In the existing pressurized water reactor fuel assembly design, the fuel rods are generally clamped and suspended by a positioning grid. The spacer grids serve as support clamps for the fuel elements and need to resist the gravity action of the fuel elements, the clamping force of the springs clamping the fuel rods is drastically reduced due to the irradiation, the fuel rods generally fall on the bottom nozzle, and the fuel rods may move up and down under the flowing action of the coolant, which may cause the risk of breakage of the fuel rods.

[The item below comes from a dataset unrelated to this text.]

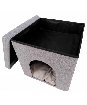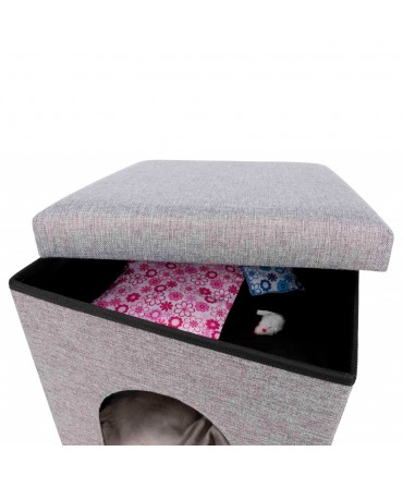 Nicho em cubo, com armazenamento no interior, confortável para os patudos.

If parameters of fuel elements are optimized and the universal fuel assembly appearance structure design is adopted, the novel assembly can be suitable for the current mature reactor core. If the novel annular fuel element is adopted, the outer diameter is large, the weight is increased, the clamping force of the required spacer grid can be increased by about 2-4 times, the space for placing clamping pieces such as springs and rigid protrusions is small, the probability that the fuel element falls on the lower pipe seat during operation is increased, and the probability that the fuel element moves up and down in the process of restarting after stopping and changing fuel is also increased.
Meanwhile, in the design and manufacture of the existing fuel assembly spacer grids, the spacer grids are basically composed of inner and outer strips. Due to the complexity of their strips, more than 30 molds are required for manufacturing. After the molds are determined, if the characteristics of the spacer grid, such as flow resistance, the distribution of the coolant among the fuel assemblies, etc., are to be changed, it is necessary to change the shape of almost all of the molds therein, which greatly increases the workload.
Accordingly, there is a need to design a new type of spacer grid for fuel assemblies that overcomes the deficiencies of the prior art.
Disclosure of Invention
The invention aims to provide a strip grid cell combined positioning grid to overcome the defects of the prior art.
In order to achieve the purpose, the technical scheme adopted by the invention is as follows:
a strip grid cell combined positioning grid comprises grid cells, outer strips and inner strips; a plurality of inner strips are mutually inserted and arranged to form a square or hexagonal structure, and a circle of outer strips are welded and fixed around the square or hexagonal structure; the grid cells are welded in a grid space formed by mutually splicing the inner strips.
According to the actual design requirement of the fuel assembly, a plurality of grid cells are taken out to be used as guide pipe channels, and the guide pipes are arranged in the guide pipe channels and fixed with the inner strips.
When the inner strips are mutually inserted and arranged to form a square, the grid elements are cylindrical or tetrahedral tubes.
The four-side barrel comprises barrel corners and a barrel wall, and planes or bulges are processed at the barrel corners to serve as supporting structures.
When the inner strips are mutually spliced and arranged to form a hexagon, the grid cells are triangular cylinders.
And the three cylinder walls of the triangular cylinder body are processed with bulges to serve as supporting structures.
The location grid is applied to pressurized water reactors, marine power reactors and heavy water reactors.
The location grid is applied to fast reactor.
The spacer grid is applied to a power stack.
The location grid is applied to a boiling water reactor.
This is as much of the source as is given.